Sperwer writes:
Kevin:
Another couple of points:
1. Of course, even post enlightenment, buddha employed some techniques that were, at least superifically, common to the Hindu tradition, from adepts in which he originally learned them. But like his handling of the notion of dharma, he radically revised these methods to suit his own purposes (or rejected them altogether, e.g., asceticism, certainly of the extreme variety - wholly incompatabile with the middle way between the practices of the sramanas and those of the brahamnic householders). Hence, I think it's misleading, at best, to call him simply a Hindu practitioner - as opposed to unpacking that assertion along the lines I've just suggested.

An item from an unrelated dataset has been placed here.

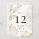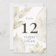 Deze delicate en elegante trouwtafel-nummerkaart heeft een witte achtergrond met bladeren in nep-folie. Pas het aan uw behoeften aan. In mijn winkel kun je passende producten vinden.

2. Also, its clear that the broad division of society into priestly, warrior/ruler, agriculturist/merchant and "other" ranks predated buddha's time - although I doubt that the Aryans brought it with them; I think it's more likely that as a result of the Aryan ascendancy, Aryans just came to dominate the top two tiers of a hierarchy that probably also existed in the pre-Aryan population - as it appears to have done in almost all pre-modern societies. My sense of the scholarly literature, though, is that the elaborate system of dozens if not hundreds of specific castes is a much later phenomenon, and that even as late as the buddha's time, class mobility was possible (albeit unlikely) with the exception of the brahmans, the requirements for the ritual purity for which seemed to require hereditary entrance.
Sperwer
Either I'm misleading (grounds for principled disagreement) or I'm saying something trivially true (grounds for yawning agreement), per what you wrote earlier:
Similarly, although more accurate, I think that to assert that the buddha was a great [religious] leader who was or started out as a hindu is so say something that is trivial at best.
If I have to choose, I'll choose being trivial, though I didn't argue he was a great religious leader. The question "What is religion?" remains unsettled, so I'm agnostic as to Reppert's original query*, though leaning a bit toward the "he was a religious teacher" notion**. Maybe I'll flesh this out in a later post.
In fact, I thought my original claim was trivial when I wrote it. This whole exchange has been a surprise and a revelation for me. Now I know better.
So thank you: I'll speak more cautiously from now on, though I'm never quite sure whose toes I'll step on next!
Regarding point (2) above: I'd have to do a good bit of reading before I could offer my own opinion. There's a lot of scholarship out there about the Aryan influx (for lack of a better term), but I've read next to none of it.
*The query was: "The question I have is what makes Buddha a religious teacher, and not an ethical philosopher." Given the answers proffered by other writers, I think the question should be changed to, "The question I have is what, if anything, makes Buddha a religious teacher, and not an ethical philosopher."
**This would be in contrast to the idea that the Buddha was a philosopher in the Greek sense. I'd be curious to know how many of the prominent Greek philosophers practiced something like Hindu or Buddhist meditation.